• Task prompt: In the records below, reproduce exactly the lines from the one containing "海外网9月29日电 据巴西卫" through the one containing "Your little one will", both included, and omit the pictures.
##### Supplied data
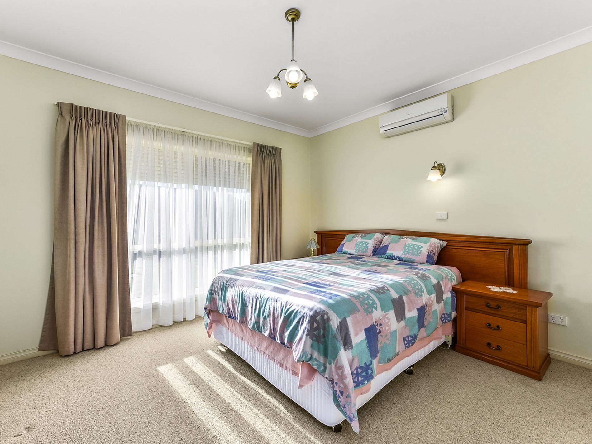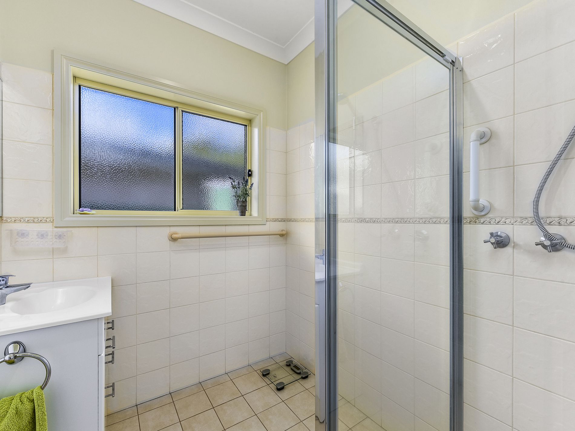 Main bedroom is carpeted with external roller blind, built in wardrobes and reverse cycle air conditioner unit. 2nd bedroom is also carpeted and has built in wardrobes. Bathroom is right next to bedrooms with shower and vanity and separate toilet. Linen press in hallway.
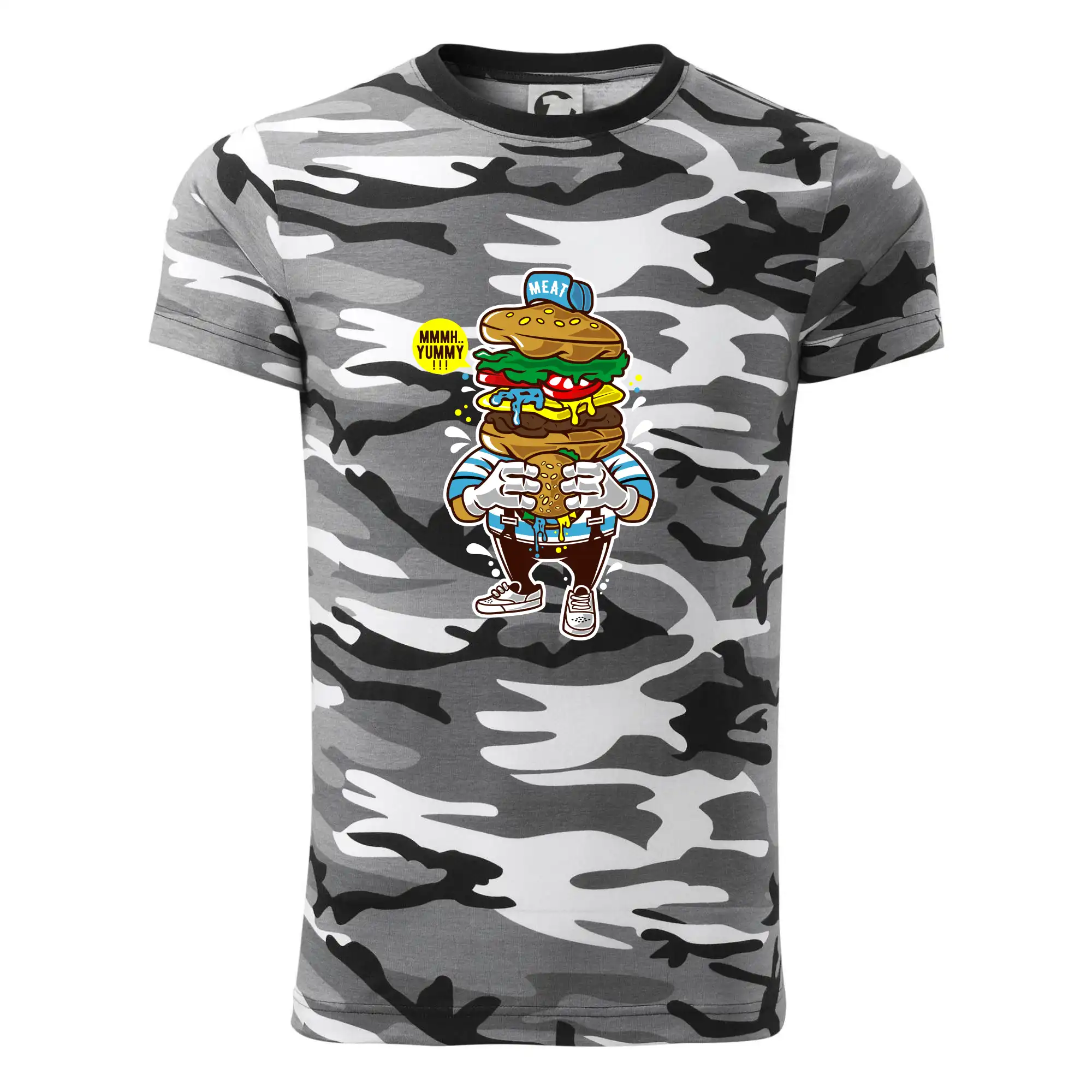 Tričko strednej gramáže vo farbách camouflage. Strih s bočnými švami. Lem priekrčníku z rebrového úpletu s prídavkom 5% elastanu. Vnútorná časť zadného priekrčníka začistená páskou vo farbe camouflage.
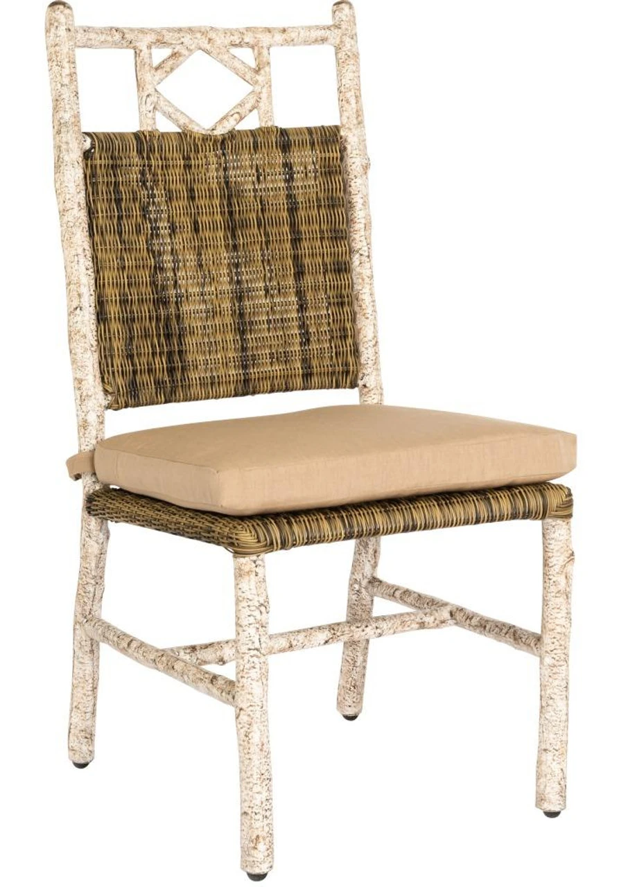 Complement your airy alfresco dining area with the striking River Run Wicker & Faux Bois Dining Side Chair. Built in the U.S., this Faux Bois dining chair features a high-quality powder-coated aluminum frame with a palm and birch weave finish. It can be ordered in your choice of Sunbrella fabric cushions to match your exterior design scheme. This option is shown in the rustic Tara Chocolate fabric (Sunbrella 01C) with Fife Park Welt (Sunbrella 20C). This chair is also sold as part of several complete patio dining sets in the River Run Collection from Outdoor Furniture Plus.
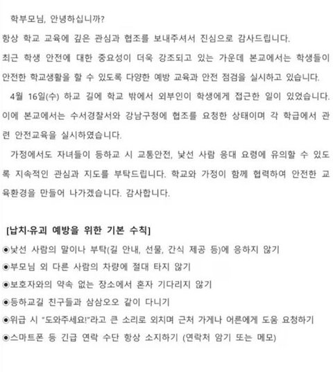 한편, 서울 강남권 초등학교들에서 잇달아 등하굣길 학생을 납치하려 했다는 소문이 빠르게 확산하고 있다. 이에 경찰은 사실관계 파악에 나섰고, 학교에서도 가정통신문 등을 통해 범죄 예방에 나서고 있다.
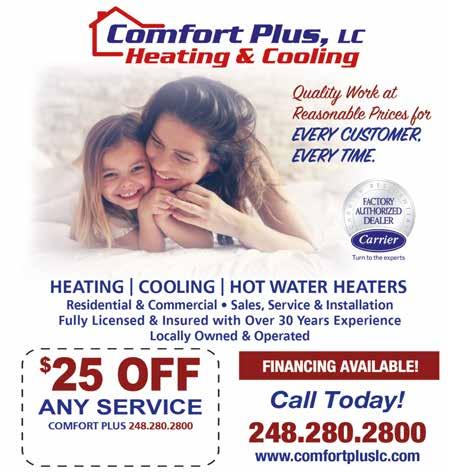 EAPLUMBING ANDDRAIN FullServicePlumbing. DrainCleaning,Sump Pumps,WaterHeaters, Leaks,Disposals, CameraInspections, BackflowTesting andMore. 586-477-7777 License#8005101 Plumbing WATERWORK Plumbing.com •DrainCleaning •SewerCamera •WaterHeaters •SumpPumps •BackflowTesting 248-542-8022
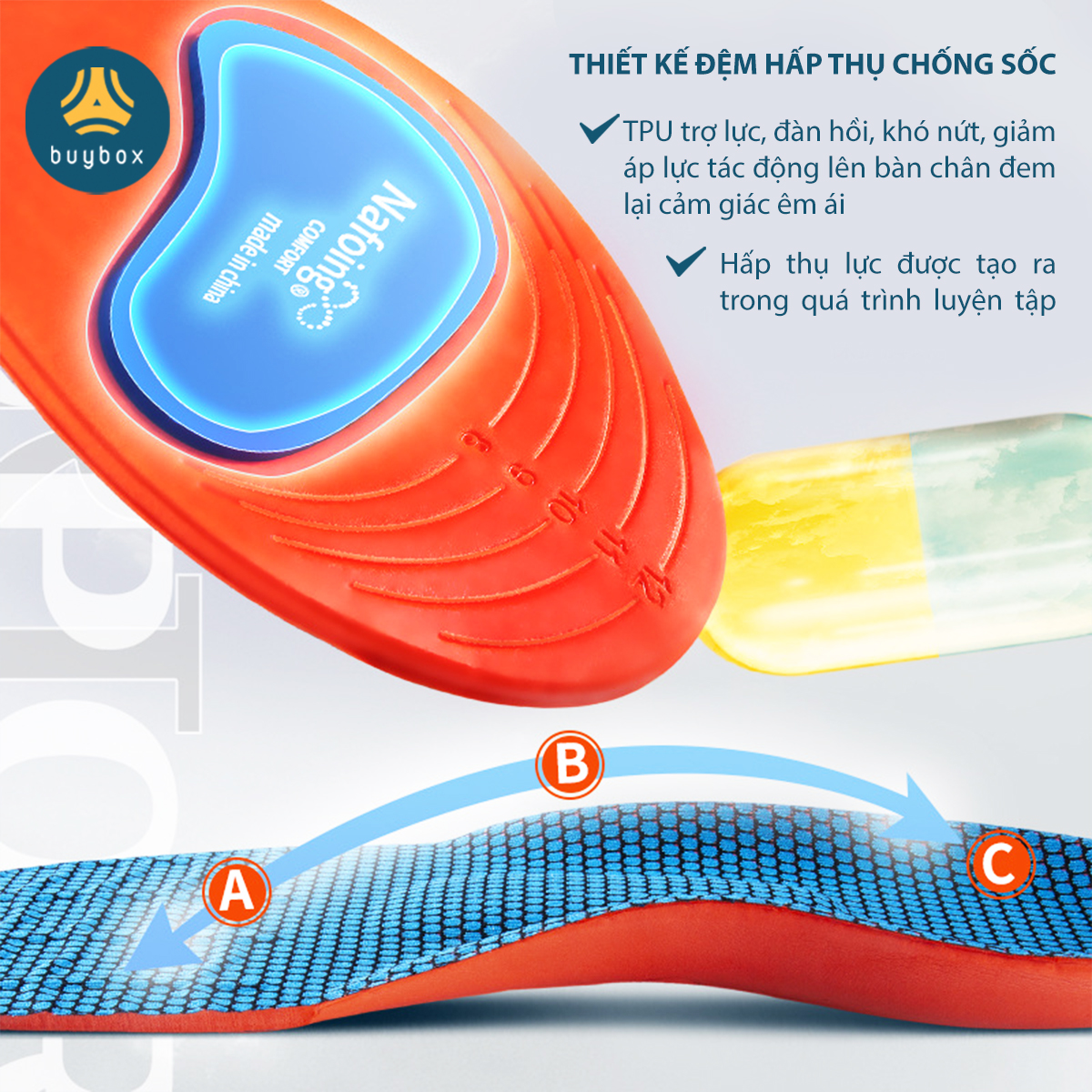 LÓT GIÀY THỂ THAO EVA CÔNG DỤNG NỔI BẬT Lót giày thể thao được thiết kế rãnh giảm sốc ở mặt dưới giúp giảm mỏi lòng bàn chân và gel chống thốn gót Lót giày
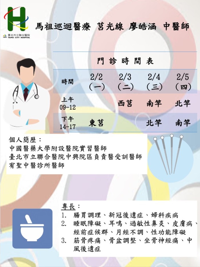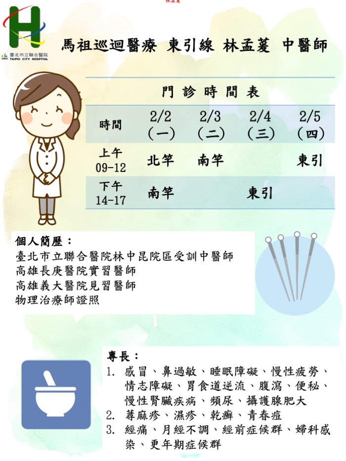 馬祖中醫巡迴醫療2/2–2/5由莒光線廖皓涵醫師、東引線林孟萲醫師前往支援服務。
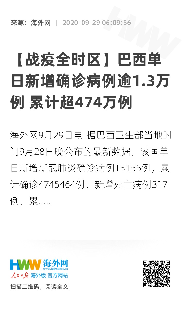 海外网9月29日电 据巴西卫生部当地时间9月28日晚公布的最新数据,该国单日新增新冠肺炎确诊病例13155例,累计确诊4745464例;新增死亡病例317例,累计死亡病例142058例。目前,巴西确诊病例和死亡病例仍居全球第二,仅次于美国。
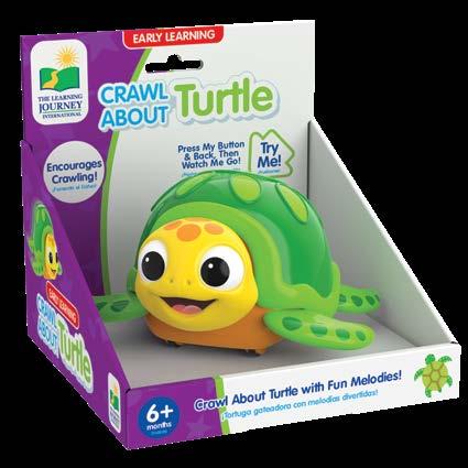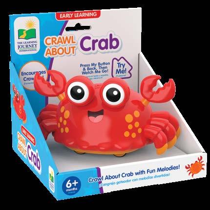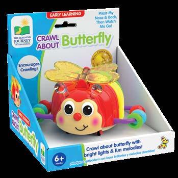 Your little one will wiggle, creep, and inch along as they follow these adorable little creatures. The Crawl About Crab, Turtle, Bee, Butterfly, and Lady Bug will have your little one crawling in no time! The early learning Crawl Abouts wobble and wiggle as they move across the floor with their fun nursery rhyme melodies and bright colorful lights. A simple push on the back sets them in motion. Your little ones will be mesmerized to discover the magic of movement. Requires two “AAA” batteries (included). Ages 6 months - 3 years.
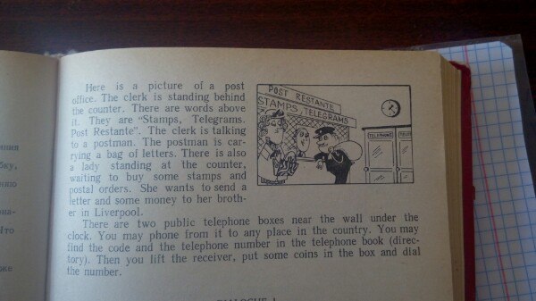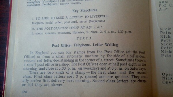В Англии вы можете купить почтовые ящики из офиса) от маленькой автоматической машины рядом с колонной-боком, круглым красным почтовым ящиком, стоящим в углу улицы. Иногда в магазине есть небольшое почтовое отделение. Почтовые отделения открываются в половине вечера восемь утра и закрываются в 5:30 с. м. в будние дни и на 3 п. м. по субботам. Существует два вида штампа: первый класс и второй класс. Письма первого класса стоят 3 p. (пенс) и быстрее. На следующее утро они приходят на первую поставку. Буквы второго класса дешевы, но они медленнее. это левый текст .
##########
• Solution to this problem:
 海外网9月29日电 据巴西卫生部当地时间9月28日晚公布的最新数据,该国单日新增新冠肺炎确诊病例13155例,累计确诊4745464例;新增死亡病例317例,累计死亡病例142058例。目前,巴西确诊病例和死亡病例仍居全球第二,仅次于美国。
 Your little one will wiggle, creep, and inch along as they follow these adorable little creatures. The Crawl About Crab, Turtle, Bee, Butterfly, and Lady Bug will have your little one crawling in no time! The early learning Crawl Abouts wobble and wiggle as they move across the floor with their fun nursery rhyme melodies and bright colorful lights. A simple push on the back sets them in motion. Your little ones will be mesmerized to discover the magic of movement. Requires two “AAA” batteries (included). Ages 6 months - 3 years.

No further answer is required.